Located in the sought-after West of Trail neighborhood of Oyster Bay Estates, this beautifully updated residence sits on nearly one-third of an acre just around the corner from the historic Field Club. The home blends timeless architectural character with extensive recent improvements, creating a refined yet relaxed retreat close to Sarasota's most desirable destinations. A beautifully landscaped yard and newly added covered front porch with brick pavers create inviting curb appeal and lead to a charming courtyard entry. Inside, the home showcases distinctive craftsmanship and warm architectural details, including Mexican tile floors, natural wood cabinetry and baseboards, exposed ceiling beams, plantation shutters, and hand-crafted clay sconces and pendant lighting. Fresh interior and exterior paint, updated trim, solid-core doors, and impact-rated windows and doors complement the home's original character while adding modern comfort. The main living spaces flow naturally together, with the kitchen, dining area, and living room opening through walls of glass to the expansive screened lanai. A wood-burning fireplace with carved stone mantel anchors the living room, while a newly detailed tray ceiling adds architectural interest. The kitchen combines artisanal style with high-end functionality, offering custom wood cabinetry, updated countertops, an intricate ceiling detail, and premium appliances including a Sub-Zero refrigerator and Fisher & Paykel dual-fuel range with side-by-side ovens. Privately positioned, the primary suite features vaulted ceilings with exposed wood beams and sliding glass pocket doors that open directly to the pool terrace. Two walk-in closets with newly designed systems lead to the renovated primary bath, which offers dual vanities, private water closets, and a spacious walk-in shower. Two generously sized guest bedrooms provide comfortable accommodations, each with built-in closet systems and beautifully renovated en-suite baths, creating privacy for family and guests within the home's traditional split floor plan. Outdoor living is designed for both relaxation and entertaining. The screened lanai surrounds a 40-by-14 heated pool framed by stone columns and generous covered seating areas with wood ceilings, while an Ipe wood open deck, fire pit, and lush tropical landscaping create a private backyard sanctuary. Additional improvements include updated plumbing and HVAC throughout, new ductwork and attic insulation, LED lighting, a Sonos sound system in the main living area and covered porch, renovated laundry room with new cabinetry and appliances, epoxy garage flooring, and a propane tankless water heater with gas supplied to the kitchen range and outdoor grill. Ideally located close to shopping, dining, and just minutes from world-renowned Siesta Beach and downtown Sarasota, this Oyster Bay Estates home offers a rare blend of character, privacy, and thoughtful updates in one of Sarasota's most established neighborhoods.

★ ★ ★

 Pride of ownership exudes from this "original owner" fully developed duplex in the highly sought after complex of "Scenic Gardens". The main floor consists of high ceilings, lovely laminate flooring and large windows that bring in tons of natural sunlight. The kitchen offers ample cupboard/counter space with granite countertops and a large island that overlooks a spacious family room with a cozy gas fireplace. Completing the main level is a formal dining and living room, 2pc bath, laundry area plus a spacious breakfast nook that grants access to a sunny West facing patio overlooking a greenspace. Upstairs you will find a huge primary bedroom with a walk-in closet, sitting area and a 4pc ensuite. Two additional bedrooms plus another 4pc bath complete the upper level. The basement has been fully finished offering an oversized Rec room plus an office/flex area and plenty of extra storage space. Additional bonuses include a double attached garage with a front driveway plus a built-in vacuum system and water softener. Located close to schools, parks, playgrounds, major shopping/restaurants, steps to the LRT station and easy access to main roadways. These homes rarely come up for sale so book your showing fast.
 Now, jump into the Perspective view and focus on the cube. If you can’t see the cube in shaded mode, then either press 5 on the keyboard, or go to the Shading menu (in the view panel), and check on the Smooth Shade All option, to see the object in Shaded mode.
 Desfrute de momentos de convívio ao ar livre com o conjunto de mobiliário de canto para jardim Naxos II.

★ ★ ★

Return exactly, and only, the lines above starting at the line that contains "Now, jump into" and ending at the line that contains "Desfrute de momentos".

■ **REPLY**
 Now, jump into the Perspective view and focus on the cube. If you can’t see the cube in shaded mode, then either press 5 on the keyboard, or go to the Shading menu (in the view panel), and check on the Smooth Shade All option, to see the object in Shaded mode.
 Desfrute de momentos de convívio ao ar livre com o conjunto de mobiliário de canto para jardim Naxos II.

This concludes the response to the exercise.